Balance: Kommt der Reiter aus dem Gleichgewicht, spüren das Pferde sofort und
reagieren darauf. Um nicht umzufallen, fuchteln einige mit Hals und Kopf durch die
Luft. Wie Sie Ihre Balance testen und zugleich gezielt trainieren, beschrieb
CAVALLO ausführlich in Heft 7/2009.
Tempo: Gehfreudige Pferde schlagen oft mit dem Kopf, wenn sie untertourig geritten
werden. „Das Problem löst sich häufig, wenn der Reiter die Bremse lockert und
vorwärts reitet“, sagt Ausbilder Hans-Jörg Radandt aus Edelsfeld/Bayern.
Absolut tabu: Das Pferd darf nicht lernen, dass Kopfschlagen ein Befreiungs-Schlag
ist, Sie daraufhin die Zügel hingeben, womöglich absteigen und das Training
beenden. „Die Pferde merken sich, dass sie mit diesem Verhalten den Menschen
einschüchtern“, sagt Westerntrainer Herbert Quast.
Das hilft: Sie lassen beim Kopfschlagen die Hand stehen, treiben und lassen erst
dann locker, wenn das Tier den Kopf ruhig hält.

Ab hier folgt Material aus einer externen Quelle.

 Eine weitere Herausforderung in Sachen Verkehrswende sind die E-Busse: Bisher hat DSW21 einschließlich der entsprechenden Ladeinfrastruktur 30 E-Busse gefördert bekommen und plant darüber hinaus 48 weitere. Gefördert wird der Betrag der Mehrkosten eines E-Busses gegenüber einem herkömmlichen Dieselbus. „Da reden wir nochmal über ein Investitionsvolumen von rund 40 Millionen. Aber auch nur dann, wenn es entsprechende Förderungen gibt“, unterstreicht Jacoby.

Hört ein hartnäckiger Kopfschläger
für wenige Minuten damit auf, beenden Sie am Anfang nach dieser guten Phase das
Training und loben. Da viele Pferde erst mit dem gewohnheitsmäßigen Kopfschlagen
beginnen, wenn sie aufgewärmt sind, sollten Sie das Nachgeben auf Zügeldruck
bereits vor dem ersten Trab üben. Herbert Quast nennt diese kurze Anfrage
„Checken“. „Dabei stellen Sie das Pferd nach innen und verlangen von ihm, dass es
ans Gebiss herantritt“, erklärt er. „Der Check ist sozusagen die verwahrende
Zügelhilfe.“ Sie beginnen, indem Sie die Zügel leicht in den Händen halten und dabei
das Pferd vorwärts reiten. Reagiert es nicht, steigern Sie den Zügelzug langsam, bis
es seinen Hals wölbt und für wenige Schritte ans Gebiss herantritt. „Danach lassen
Sie die Zügel aus der Hand kauen, das Pferd in Dehnungshaltung gehen, belohnen
es und wiederholen die Übung nach einer kurzen Pause“, sagt Quast. Klappt es im
Schritt, können Sie auch im Trab und Galopp checken.

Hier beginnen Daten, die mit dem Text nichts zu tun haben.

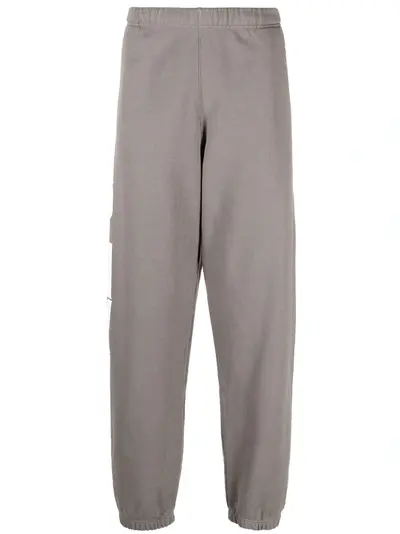 grey cotton logo patch to the rear logo print to the side elasticated waistband side pouch pockets elasticated ankles
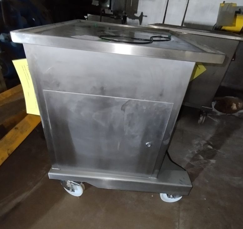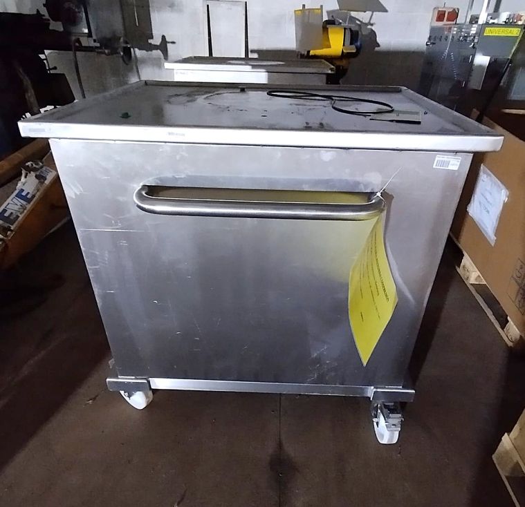 | Detalles | Dos mesas de trabajo en inoxidable. Montadas sobre ruedas con freno. Asa para poder mover la mesa de forma fácil. Huecas por dentro con acceso a través de puerta lateral para guardar herramientas u otros utensilios. En muy buen estado. Medidas: 1000mm alto x 750mm fondo x 950mm ancho. |

„Oft sind kopfschlagende Pferde wie ein Paket verschnürt“, beobachtet
Westerntrainer Herbert Quast. „Ich nehme solchen Kandidaten als erstes den
Sperrriemen ab und lockere den Nasenriemen.“ Aus Erfahrung weiß Quast, dass
viele verschnürte Pferde den Kopf hochreissen, weil sie nach Luft ringen. Martingal,
Chambon und Schlaufzügel sind für Headshaker tabu. „Sie kaschieren das Problem
nur kurzfristig“, sagt Ausbilderin Gaby Hans. Bei manchen Pferden verschlimmert
sich dadurch sogar der Schüttelreiz.